[Collection entries]
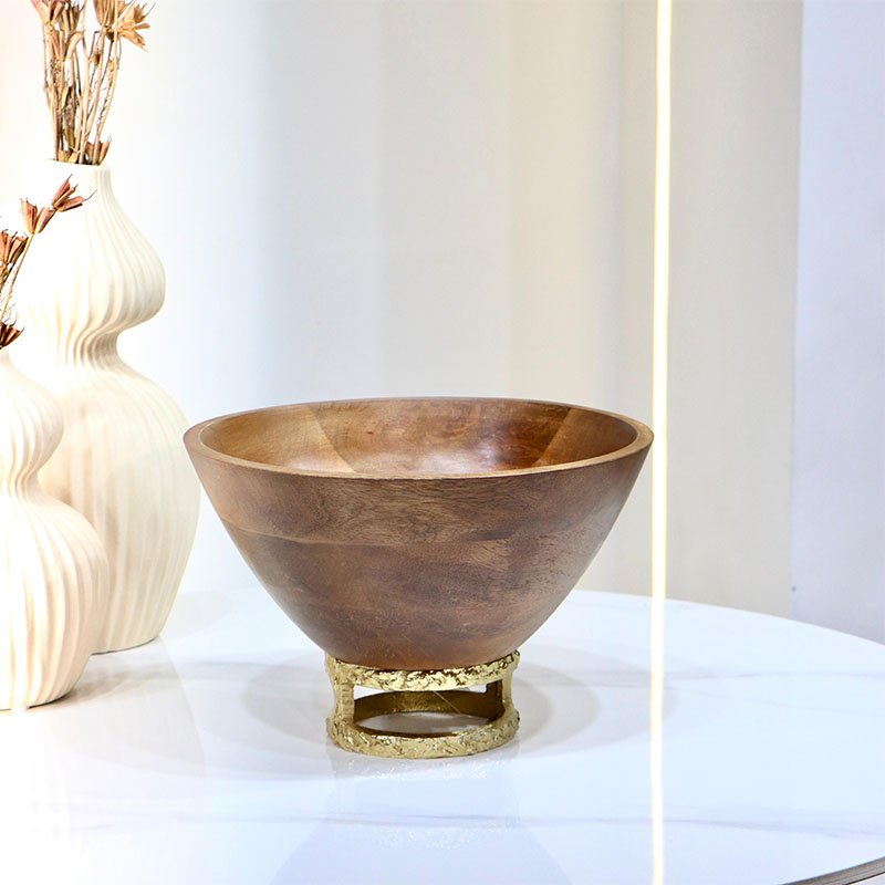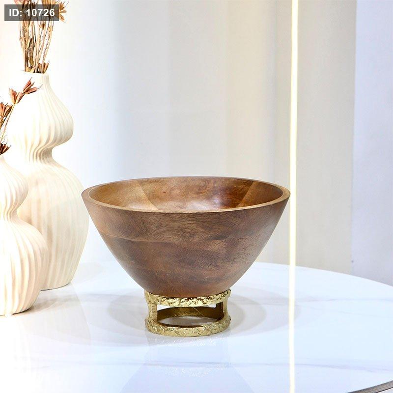 جاط فواكة خشب مدور 30سم قاعدة نحاس هندي مبزر HO202443 %ه7
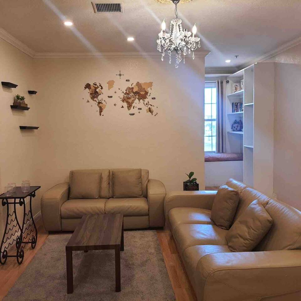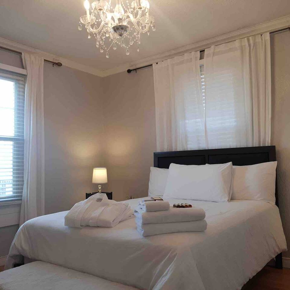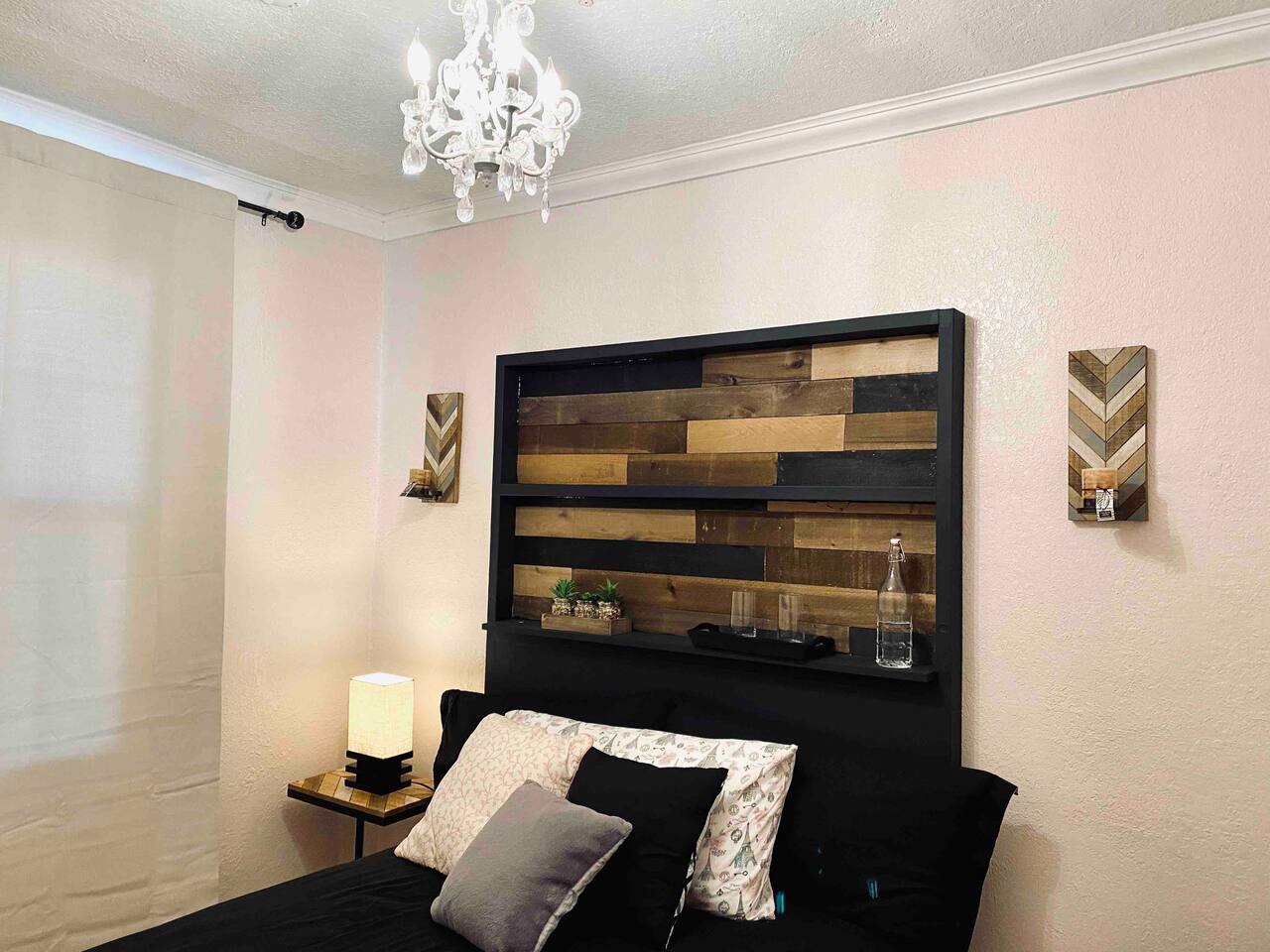 This listing is for recently renovated Apartment 1 inside the private Union Plaza Apartment Complex. The building was built nearly 100 years ago. The unit is located on the second floor of the building which will require climbing stairs, there is NO ramp for luggage. The 2 bedroom apartment is about 1,000 square feet and it comfortably accommodates 4 guests. The apartment has refrigerated air. ** NOTE: All units are located on the 2nd floor of the building, stairs are not optional, the 1st floor are all commercial spaces. ** The kitchen space was designed with a modern contemporary style in mind, ergo the open shelving space. It is fully equipped for cooking, it features an electric stove, a two door refrigerator, a single sink with a garbage disposal, an over-the-range microwave, pots and pans, dishes and utensils and solid surface countertops. All appliances are brand new. We also have dishwasher for you not to worry about the dishes. The bathroom includes a full shower with handheld shower head and great water pressure, a freestanding tub as well as a new double vanity and two skylights for energy saving. In the living area, there’s a 50” smart tv mounted to the wall. Along comes it’s comfortable set of couches, an entry way by the door and next to the entrance of the bedroom. We also have a nook to read a book and unwind. We don’t have cable nor antenna, only streaming services. *****COUCHES ARE NOT FOR SLEEPING NOR STANDING***** The main bedroom features a Queen Bed, alternative pillows, 100% cotton linens, a closet w/ hangers and drawers and a view of the union plaza district from two different windows. The second bedroom has a built on the wall headboard with a very rustic finish and a full size bed that sleeps 2 persons. It has functionality with it having space to place phone and charger coming through as well as space for a glass of water or a book. To the right you’ll find a window looking down towards the Main Street of the union plaza district. To the left you’ll find a small couch with a coffee table along a built on the wall hanger. Please make sure to review house rules prior to booking!
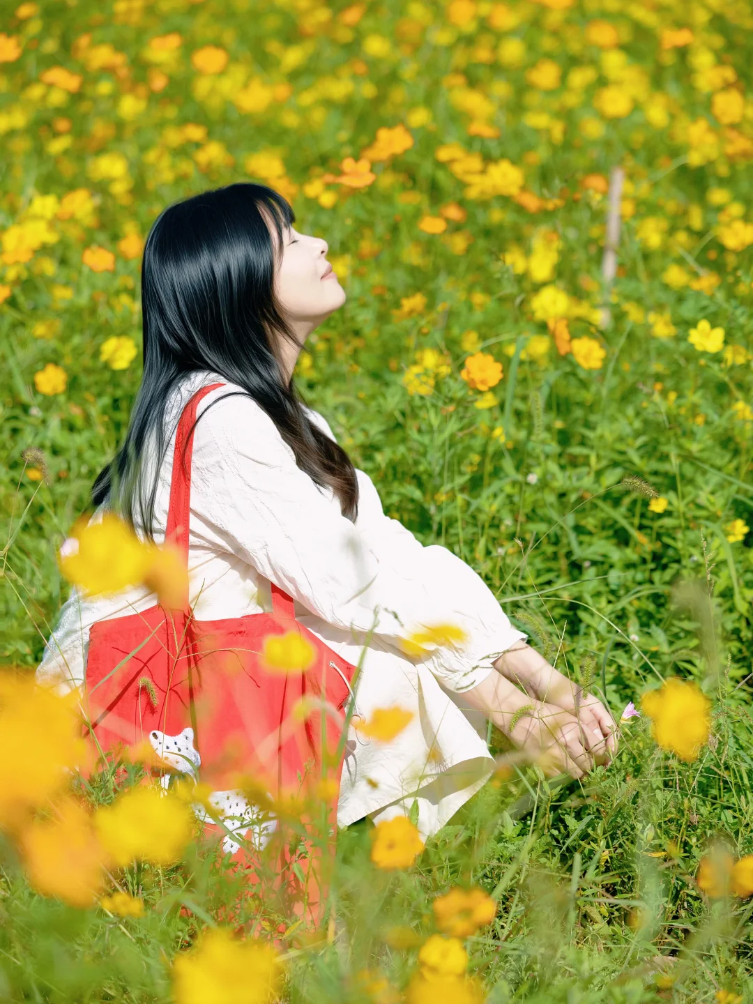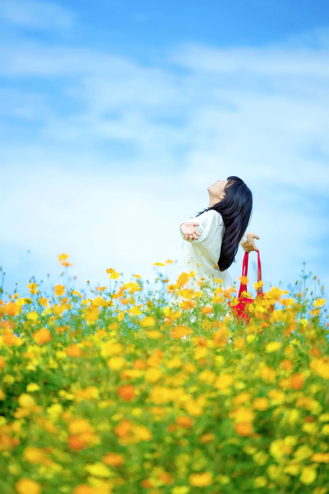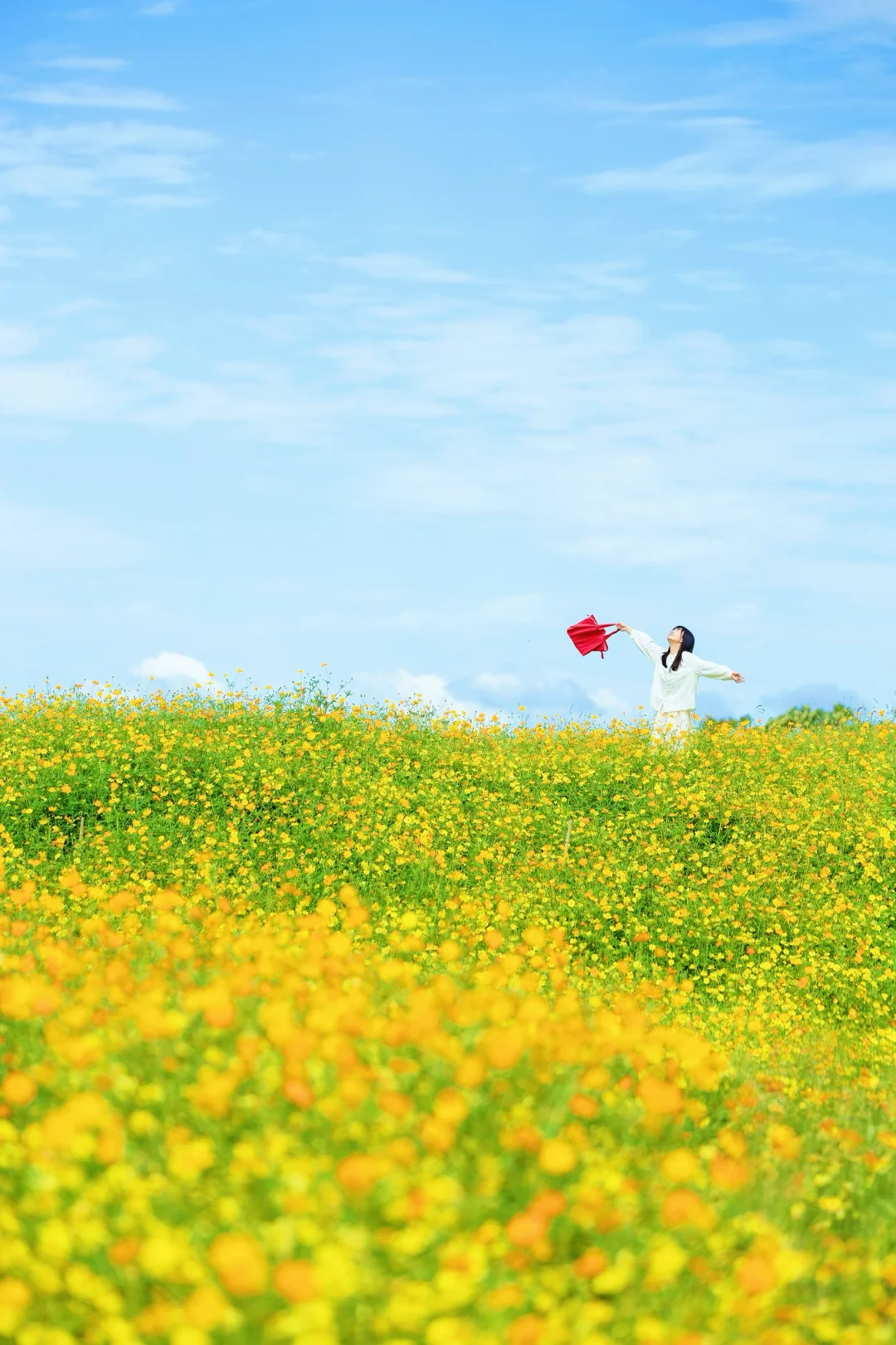 ✅站在花海最高处,用长焦拍人在花海里,超好看
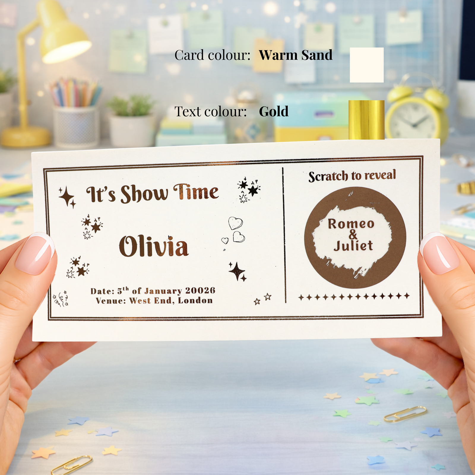 Personalised Theatre Tickets Scratch Card Gift, West End Surprise Ticket Reveal, Experience Gift Voucher Card, Custom Show Ticket
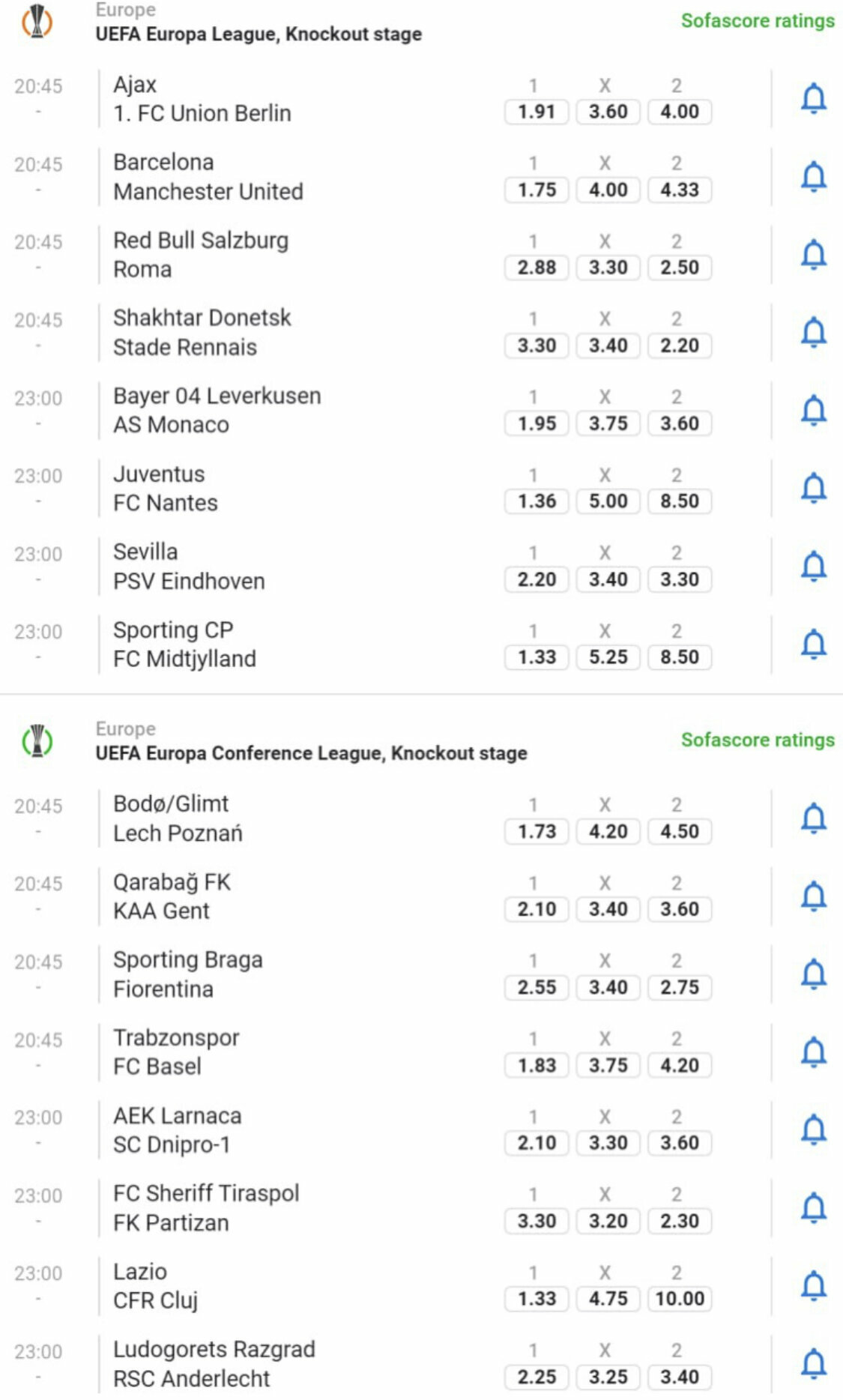 Пожалуй, это самая яркая вывеска 1/16 финала плей-офф Лиги Европы. Нас ждет интригующее противостояние “Барселоны” и “Манчестера Юнайтед”. Напомним, “сине-гранатовые” попали в ЛЕ вылетев из Лиги чемпионов, а вот “Манчестер Юнайтед” заслужил право играть в плей-офф в групповой стадии Лиги Европы, заняв итоговое второе место в таблице. Первый матч состоится на “Камп Ноу”. Хави или тен Хаг?

ACTION ITEM: If a record holds a picture, leave the picture out and copy the rest exactly.

FINAL ANSWER:
 جاط فواكة خشب مدور 30سم قاعدة نحاس هندي مبزر HO202443 %ه7
 This listing is for recently renovated Apartment 1 inside the private Union Plaza Apartment Complex. The building was built nearly 100 years ago. The unit is located on the second floor of the building which will require climbing stairs, there is NO ramp for luggage. The 2 bedroom apartment is about 1,000 square feet and it comfortably accommodates 4 guests. The apartment has refrigerated air. ** NOTE: All units are located on the 2nd floor of the building, stairs are not optional, the 1st floor are all commercial spaces. ** The kitchen space was designed with a modern contemporary style in mind, ergo the open shelving space. It is fully equipped for cooking, it features an electric stove, a two door refrigerator, a single sink with a garbage disposal, an over-the-range microwave, pots and pans, dishes and utensils and solid surface countertops. All appliances are brand new. We also have dishwasher for you not to worry about the dishes. The bathroom includes a full shower with handheld shower head and great water pressure, a freestanding tub as well as a new double vanity and two skylights for energy saving. In the living area, there’s a 50” smart tv mounted to the wall. Along comes it’s comfortable set of couches, an entry way by the door and next to the entrance of the bedroom. We also have a nook to read a book and unwind. We don’t have cable nor antenna, only streaming services. *****COUCHES ARE NOT FOR SLEEPING NOR STANDING***** The main bedroom features a Queen Bed, alternative pillows, 100% cotton linens, a closet w/ hangers and drawers and a view of the union plaza district from two different windows. The second bedroom has a built on the wall headboard with a very rustic finish and a full size bed that sleeps 2 persons. It has functionality with it having space to place phone and charger coming through as well as space for a glass of water or a book. To the right you’ll find a window looking down towards the Main Street of the union plaza district. To the left you’ll find a small couch with a coffee table along a built on the wall hanger. Please make sure to review house rules prior to booking!
 ✅站在花海最高处,用长焦拍人在花海里,超好看
 Personalised Theatre Tickets Scratch Card Gift, West End Surprise Ticket Reveal, Experience Gift Voucher Card, Custom Show Ticket
 Пожалуй, это самая яркая вывеска 1/16 финала плей-офф Лиги Европы. Нас ждет интригующее противостояние “Барселоны” и “Манчестера Юнайтед”. Напомним, “сине-гранатовые” попали в ЛЕ вылетев из Лиги чемпионов, а вот “Манчестер Юнайтед” заслужил право играть в плей-офф в групповой стадии Лиги Европы, заняв итоговое второе место в таблице. Первый матч состоится на “Камп Ноу”. Хави или тен Хаг?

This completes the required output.